Whilst browsing the 'Standards' topic I noticed a mention of the Sulphide standards produced by Gerald Czamanske. This reminded me of some images I took a while back, and the story that went with them: I rescued two 1"dia. standard mounts from an old desiccator minutes before they were thrown in a dumpster. After doing some investigation, they turned out to be a set of the Czamanske sulphides. I put them in the SEM to check out what I had. After a quick glance at low mag I was cursing myself for not doing a better job of 'dusting-off' the surface (there appeared to be a large clump of fluff on the surface of one of the standards). I zoomed-in to find a spot to take a quick EDS measurement and this is what I found:
(https://smf.probesoftware.com/oldpics/i58.tinypic.com/x59pif.jpg) (https://smf.probesoftware.com/oldpics/i59.tinypic.com/babu0.jpg)
This is an image of the surface of the pure Ag standard. As far as I can tell, the crystals growing on the surface are all the same phase: Ag2S.
I remember being told in a geochemistry class that this is why there is always a bone spoon in a silver cutlery set!
Trivia on the silver sulphide:
This effect causes major problems on silver connectors in industrial (SO2 rich environments).
I have also heard that the telephone exchange at Rotaurua in NZ has a double air environment.
It is also of great use in sepia toning of B&W prints.
The latter is employed to see the S distribution in steel.... an unexposed (or developed for that matter) piece of acid soaked photographic paper is placed on a ground/polished steel sample. Any S rich inclusions or regions create H2S and these react with the Ag in the paper to leave brown spots. It's called a sulphur print.
This is a beam damage issue related I think to the beam damage issues in SiO2 as described here:
http://smf.probesoftware.com/index.php?topic=418.msg2269#msg2269
But this is zircon, a much more robust material I think everyone will agree. And the data was acquired at 100nA but with a 5 um defocussed beam. To me it looks like a 5 um carbon ring, with a smaller central area that appears more damaged. So what I'm wondering is whether the damage pattern seen here:
(https://smf.probesoftware.com/oldpics/i67.tinypic.com/2gvtzjo.jpg)
represents an uneven distribution of electrons in the defocussed beam or if the central area that appears damaged is simply an effect of the heat being concentrated in the center, since the outer regions are also being heated by the defocussed beam so the center area should get the hottest...
I guess my question is: has anyone attempted to profile the electron distribution in a defocussed beam spot? In other words, is the electron density distribution profile across the defocussed beam like A or B:
(https://smf.probesoftware.com/oldpics/i63.tinypic.com/15qcl6s.jpg)

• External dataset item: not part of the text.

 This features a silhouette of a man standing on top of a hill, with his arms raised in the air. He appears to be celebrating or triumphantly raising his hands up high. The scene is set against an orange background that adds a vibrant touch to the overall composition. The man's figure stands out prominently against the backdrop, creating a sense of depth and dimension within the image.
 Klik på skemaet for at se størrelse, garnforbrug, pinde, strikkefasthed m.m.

I assume we all hope it is like A, but I suspect it is a lot more like B...
Quote from: Probeman on November 04, 2015, 03:27:54 PM
This is a beam damage issue related I think to the beam damage issues in SiO2 as described here:
http://smf.probesoftware.com/index.php?topic=418.msg2269#msg2269
But this is zircon, a much more robust material I think everyone will agree. And the data was acquired at 100nA but with a 5 um defocussed beam. To me it looks like a 5 um carbon ring, with a smaller central area that appears more damaged. So what I'm wondering is whether the damage pattern seen here:
(https://smf.probesoftware.com/oldpics/i67.tinypic.com/2gvtzjo.jpg)
represents an uneven distribution of electrons in the defocussed beam or if the central area that appears damaged is simply an effect of the heat being concentrated in the center, since the outer regions are also being heated by the defocussed beam so the center area should get the hottest...

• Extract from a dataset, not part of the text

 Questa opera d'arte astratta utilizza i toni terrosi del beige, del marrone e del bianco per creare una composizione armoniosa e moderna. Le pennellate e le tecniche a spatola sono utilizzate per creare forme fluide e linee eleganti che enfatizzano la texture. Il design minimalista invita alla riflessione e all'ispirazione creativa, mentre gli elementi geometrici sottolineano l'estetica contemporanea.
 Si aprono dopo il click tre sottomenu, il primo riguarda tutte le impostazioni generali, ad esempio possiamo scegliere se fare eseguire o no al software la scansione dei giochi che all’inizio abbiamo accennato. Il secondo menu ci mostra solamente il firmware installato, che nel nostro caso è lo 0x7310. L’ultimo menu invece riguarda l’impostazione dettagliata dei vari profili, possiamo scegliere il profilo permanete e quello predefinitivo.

I guess my question is: has anyone attempted to profile the electron distribution in a defocussed beam spot? In other words, is the electron density distribution profile across the defocussed beam like A or B:
(https://smf.probesoftware.com/oldpics/i63.tinypic.com/15qcl6s.jpg)
I assume we all hope it is like A, but I suspect it is a lot more like B...

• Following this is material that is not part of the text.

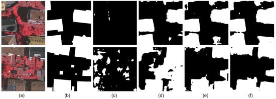 This ISPRS dataset includes aerial images acquired from [61,62], which have been publicly available to the community. The Vaihingen dataset consists of images with a spatial resolution of 0.09 m and the spatial resolution of Potsdam dataset is 0.05 m. The Potsdam images contain red, green and blue channels while the Vaihingen images have 3 different channels (i.e., red, green and infrared). All images in both datasets are converted to 8 bit. Some images are manually labeled with land cover maps and the labels of impervious surfaces, buildings, trees, low vegetations and cars are provided. We cut the images and their labels into 512 × 512 patches. Table 1 reports the number of patches and the class percentages for the ISPRS dataset. Figure 7c,d show samples from each city.

I recently ran across this issue again on a very beam sensitive sample. This was a thin film of ZnSn oxide on a polyester material that showed significant damage in the center of the beam spot, even when the beam was defocused to over 20 microns. Even when the beam current was reduced to 15 nA!
I ended up having to use a scanning mode at 10,000x to avoid damaging the sample. The difference was that the beam distribution seems much more uniform with the scanning beam than the defocused beam.
I wonder if anyone has tried to measure the beam flux profile on our EPMA instruments... perhaps using an imaging CCD array as a sample? Or would that just cook the CCD?
Quote from: Probeman on August 27, 2016, 09:20:41 AM
I recently ran across this issue again on a very beam sensitive sample. This was a thin film of ZnSn oxide on a polyester material that showed significant damage in the center of the beam spot, even when the beam was defocused to over 20 microns. Even when the beam current was reduced to 15 nA!
I ended up having to use a scanning mode at 10,000x to avoid damaging the sample. The difference was that the beam distribution seems much more uniform with the scanning beam than the defocused beam.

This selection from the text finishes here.